Explorer engine has decent heads and intake, but as you wil lbe rebuilding AFR/TFS heads are much better and you will need a 70mm throttle body for 5.0L or 75-85mm for 331/347
As for intake, explorer intake is OK and is good for about 220 cfm of flow, great for the GT40P heads but not good enough for TFS/AFR heads. Something like a TFS R will flow 300cfm but is higher (11 inches vs 10.75 in) and will only clear the hood with 3 mm with above changes (milled and subframe dropped). I run the TFS R long runner manifold.
Cheers,
#14
Hey I just noticed you are going to run a carburetor intake.
So your hood clearance will be a non issue, dropping subframe or modifying hood may not be required at all. It also makes the wiring a LOT simpler
Just make sure that you get good heads and cam....if staying 5.0L and a daily driver use a cam between 218-228 deg duration @ 50 thou lift. For a stroker 224-236 deg duration. Lift to be 0.55-0.6 in. With spring about 150-160lb on the seat. Hydraulic roller cam only in billet steel is my choice. No flat tappets or austempered cores.
Also pistons to be forged (I like Mahle) ...good insurance.
if not a daily driver add another 5 deg of duration to the above numbers for cam sizing.
Carburation should be 600-750 cfm . I like the new Edelbrock AVS 2 carbs. Annular discharge boosters, nice metering jet system for easy tuning and will start first go every morning with electric choke. If you are pushing over 500hp you may need something more specialised. But the edelbrock will work a treat
Keep us posted
So your hood clearance will be a non issue, dropping subframe or modifying hood may not be required at all. It also makes the wiring a LOT simpler
Just make sure that you get good heads and cam....if staying 5.0L and a daily driver use a cam between 218-228 deg duration @ 50 thou lift. For a stroker 224-236 deg duration. Lift to be 0.55-0.6 in. With spring about 150-160lb on the seat. Hydraulic roller cam only in billet steel is my choice. No flat tappets or austempered cores.
Also pistons to be forged (I like Mahle) ...good insurance.
if not a daily driver add another 5 deg of duration to the above numbers for cam sizing.
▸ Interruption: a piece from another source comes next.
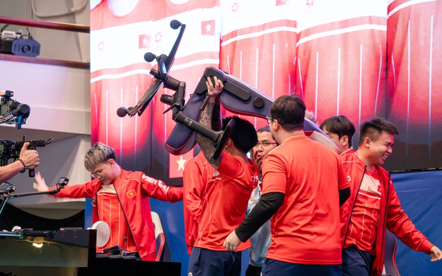 Khoảnh khắc nâng ghế ăn mừng đầy cảm xúc của Quốc Huy (Maris) sau khi mang về tấm Huy chương Vàng ở nội dung Liên Quân Mobile đồng đội nam
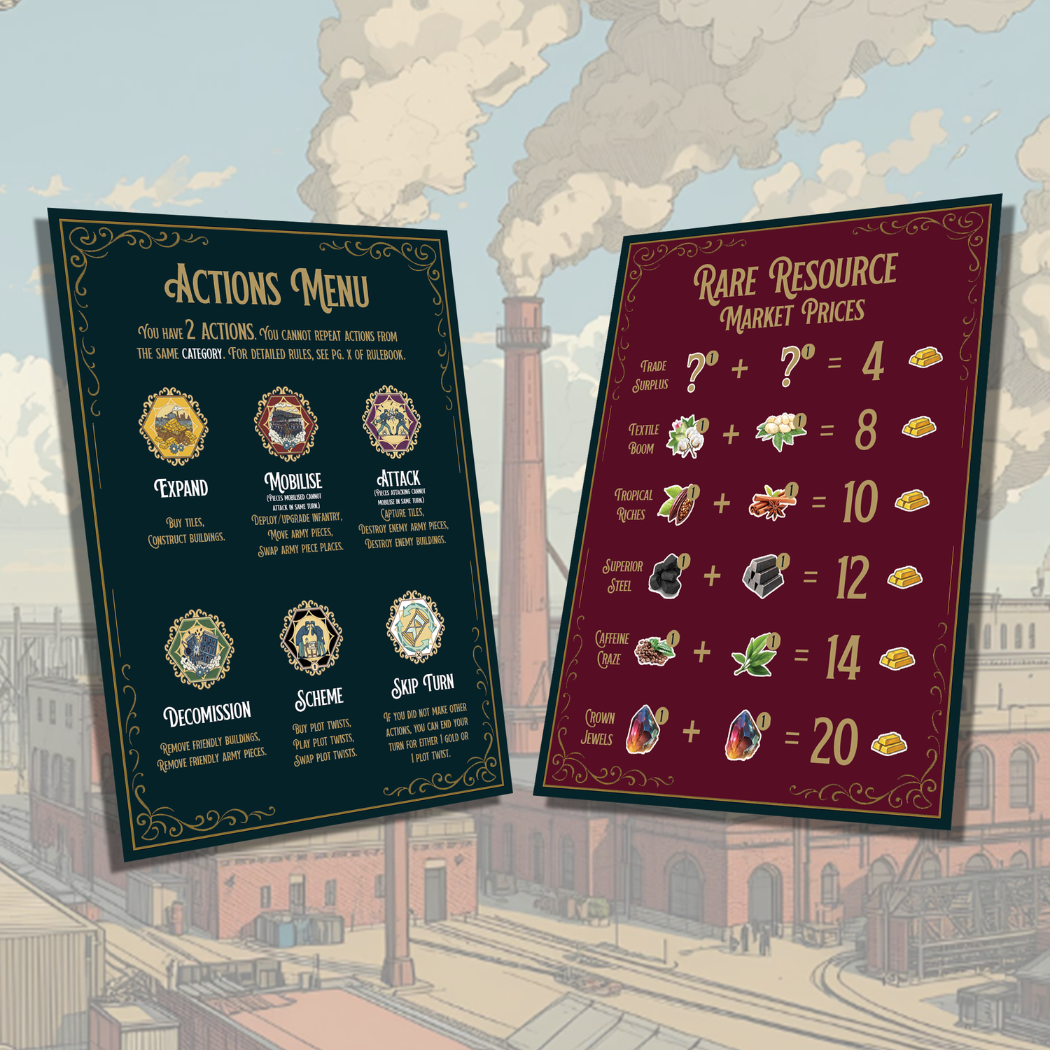 Each round unfolds across a dynamic hex-based map, where players buy land, construct forts and railways, mobilise armies, and interfere in their rivals’ plans. Income is shaped by a shared dice-driven economy, while 'Plot Twist' cards and 'Rare Resources' introduce sharp tactical swings, deal-making, and moments of brinkmanship.

Carburation should be 600-750 cfm . I like the new Edelbrock AVS 2 carbs. Annular discharge boosters, nice metering jet system for easy tuning and will start first go every morning with electric choke. If you are pushing over 500hp you may need something more specialised. But the edelbrock will work a treat
Keep us posted
Last edited by engineer; 12-16-2020 at 12:25 AM.